[Dataset extract]

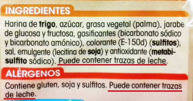 • Productos lácteos: todo tipo de quesos, yogures, mantequilla, nata, helados, batidos, cuajada, arroz con leche, requesón, algunas margarinas, crema agria, bollería (galletas, magdalenas, pasteles, donuts, etc.), turrón, chocolate con leche, potitos con leche, papillas de farmacia “lacteadas”, batidos de fruta que contengan leche, cereales preparados y precocidos con sólidos lácteos, caseína u otros productos lácteos añadidos.
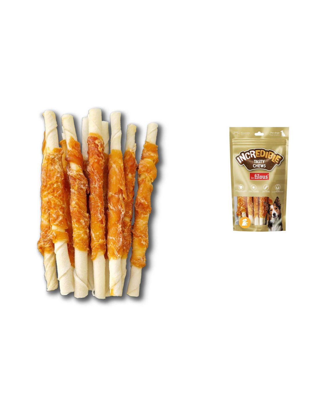 PELLE BOVINA 67.8%, POLLO 23.9%, AMIDO DI MAIS, PROTEINE VEGETALI. ADDITIVI: GLICEROLO, SORBITOLO, SODIO DIACETATO, SALE, SORBATO DI POTASSIO.
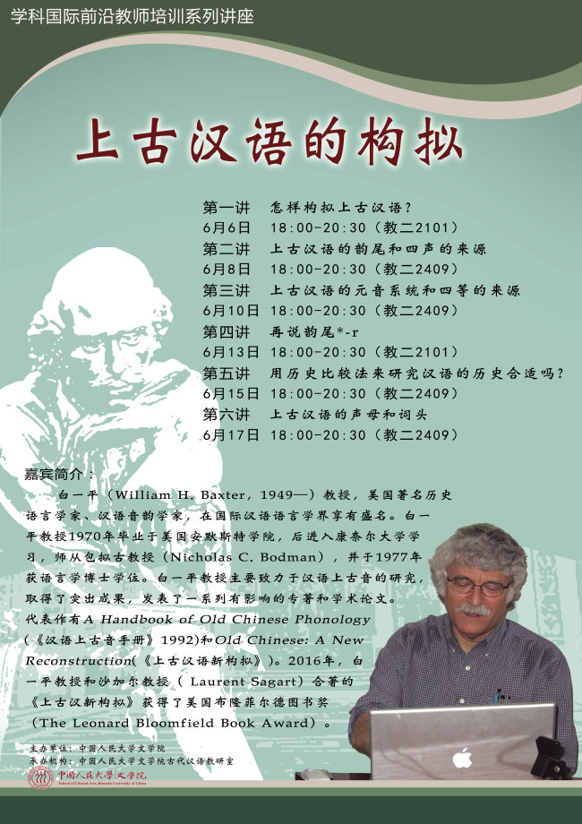 兔子先生 学科国际前沿教师培训系列讲座:白一平教授讲解“上古汉语的构拟”

[Aim of the task]
The copy should match each line above exactly and contain no images.

[Written answer]
 • Productos lácteos: todo tipo de quesos, yogures, mantequilla, nata, helados, batidos, cuajada, arroz con leche, requesón, algunas margarinas, crema agria, bollería (galletas, magdalenas, pasteles, donuts, etc.), turrón, chocolate con leche, potitos con leche, papillas de farmacia “lacteadas”, batidos de fruta que contengan leche, cereales preparados y precocidos con sólidos lácteos, caseína u otros productos lácteos añadidos.
 PELLE BOVINA 67.8%, POLLO 23.9%, AMIDO DI MAIS, PROTEINE VEGETALI. ADDITIVI: GLICEROLO, SORBITOLO, SODIO DIACETATO, SALE, SORBATO DI POTASSIO.
 兔子先生 学科国际前沿教师培训系列讲座:白一平教授讲解“上古汉语的构拟”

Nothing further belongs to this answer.